The death rate from car crashes in the U.S. spiked 24 percent in 2020 compared to the previous year— a historic rise linked to an equally historic reduction in congestion that allowed the remaining drivers to race around recklessly on roads designed to prioritize speed above all else.
According to preliminary data from the National Safety Council — a widely respected nonprofit that releases its estimates of annual roadway fatalities about two years earlier than the federal government — about 42,060 people lost their lives to the U.S. traffic violence pandemic in 2020, even as the coronavirus pandemic simultaneously ravaged the nation.
That’s about an 8.4-percent surge from the 38,800 deaths in the 2019 report — but because total annual mileage dropped about 13 percent during the nationwide quarantine, the one-year increase in the car crash fatality rate was the highest since 1924 — back when things like four-wheel brakes were still considered luxury safety features.
And in some states — such as South Dakota (+33 percent), Vermont (+32 percent), Arkansas (+26 percent), and Rhode Island (+26 percent) — the increase in sheer deaths was far higher than the abysmal national average. The District of Columbia also experienced a 33-percent rise — and of course, the human costs of those increases are impossible to measure.

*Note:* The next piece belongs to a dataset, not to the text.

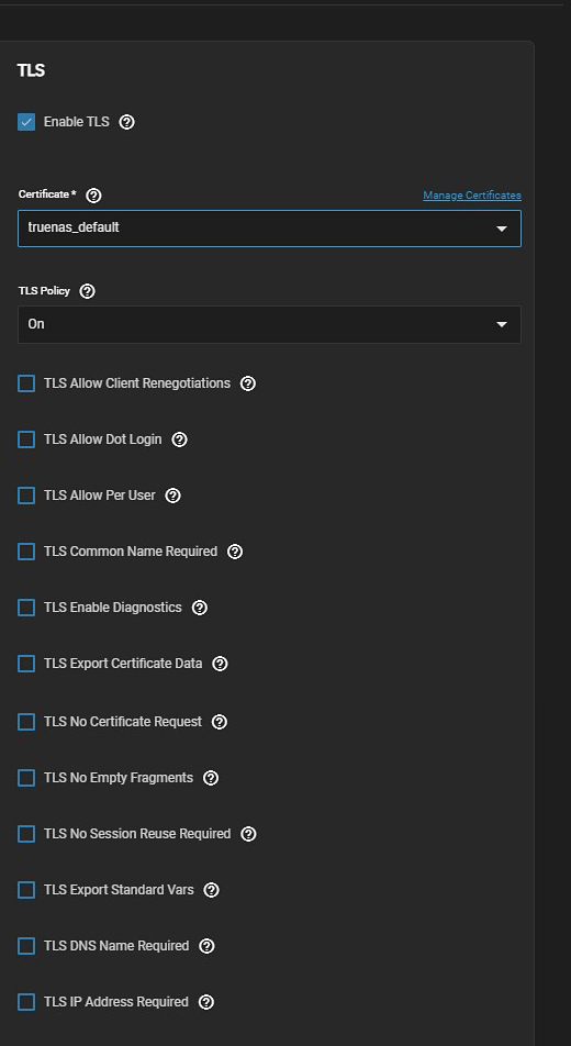 | TLS Allow Dot Login | TrueNAS checks the user home directory for a |

“As I know all too well, these are not just numbers,” said Amy Cohen, co-founder of Families for Safe Streets, a support and advocacy group for people who have lost loved ones to traffic violence. “These are people: children, parents, grandparents, friends, co-workers. These are lives lost and life-changing injuries suffered in preventable crashes.”
The preliminary death toll squares with earlier reports from the National Highway Traffic Safety Administration, which estimated a 32-percent death rate increase between the second quarter of 2020, when national VMT was at its nadir, compared to the same period a year earlier. And it also serves as a timely reminder that simply getting people out of their cars won’t be enough to stem blood tide on U.S. roads, unless we also reckon with the proliferation of road designs that encourage driver speed over everyone’s safety — especially when there are no traffic jams to encourage anyone to hit the brakes.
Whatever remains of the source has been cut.